Leader of the Opposition Post-Budget speech, 27 May 2004

Mr Speaker, I move that all the words after "That" be omitted and the following inserted: "this House has no confidence in the Labour-led Government because it has squandered New Zealand's greatest ever opportunity to invest in policies which would restore this country to the levels of prosperity enjoyed by Australians; because it has chosen for New Zealanders policies which promote dependence rather than independence; and because, after five years of over-taxing hard-working New Zealanders, it has embarked on a programme of cynically-timed election year giveaways to many of those same New Zealanders, funded by their own taxes."

Mr Speaker, perhaps unusually for a Leader of the Opposition, I want to begin my speech today by saying that there are some things in this Budget with which the National Party agrees.

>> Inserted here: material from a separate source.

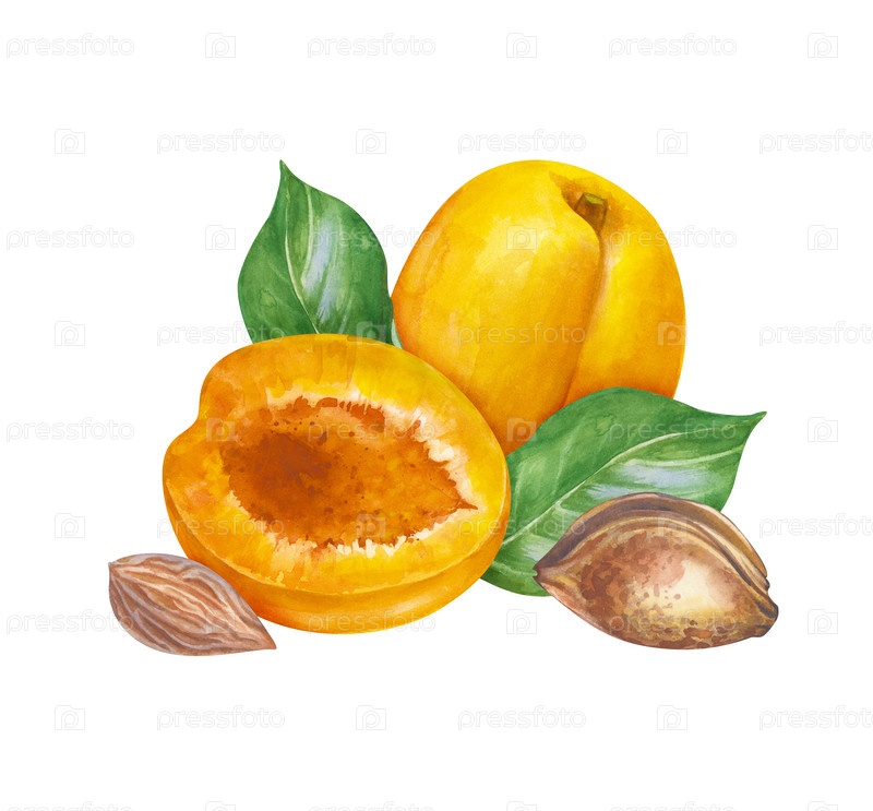 Акварельная композиция со зрелыми абрикосами, нарисованная вручную. Ботаническая иллюстрация с фруктами, зелеными листьями и ямами, изолированными на белом фоне. Для упаковки, обоев, текстиля и посуды

For months, we have called for relief for low and middle income New Zealanders.

For months, we have called for encouraging people off benefits into employment.

For months, we have recognised that providing more support for childcare and early childhood education would be highly desirable.

For months, it has been clear that we need more vigorous steps to reduce waiting lists for elective surgery.

To the extent that these priorities have been addressed by this Budget, we agree with the objective, if not always the method of delivery.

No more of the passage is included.